Мне не нужен Курт Воннегут, что повсюду хвалит С. Д., называя его вундеркиндом. Я слишком хорошо знал это буйное и длинное существо, как мне казалось. Так всегда кажется, когда смотришь в лоб, а не сбоку.
(Соснора В. Сергей // Малоизвестный Довлатов: Сборник. СП., 1995. С. 431)
Виктор Кривулин, поэт:
Все лучшее в новейшей русской прозе — от Венедикта Ерофеева и Юза Алешковского до В. Сорокина и В. Пелевина — построено на осмеянии, на абсурде, на анекдоте, иными словами — на распылении целого. Но Довлатову повезло больше, чем другим, возможно и не менее одаренным беллетристам его поколения. Он не ограничился ювелирной разрушительной стилистически-языковой работой, — он создал собственный жанр, в пределах которого анекдот, забавный случай, нелепость в конце концов прочитываются как лирический текст и остаются в памяти как стихотворение — дословно. Перед нами не что иное, как жанр возвышающего, романтического анекдота. Жанр парадоксальный, не могущий существовать — но существующий.
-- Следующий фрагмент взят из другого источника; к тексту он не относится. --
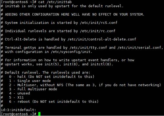 注意:在init配置文件:/etc/inittab中,有一行内容是定义/etc/rc.d/rc.sysinit,此脚本文件是负责完成系统初始化的脚本文件。

Этот жанр не укоренен в классической русской литературе, ему неуютно в границах политической сатиры или психологического реализма. В то же время он далек и от соцарта, с его навязчивой идеей постмодерной деидеологизации, с его презрением к читателю. Жанр, созданный Довлатовым, без читателя, и читателя сочувствующего, немыслим.
(Кривулин В. Поэзия и анекдот // Малоизвестный Довлатов: Сборник. СПб., 1995. С. 384)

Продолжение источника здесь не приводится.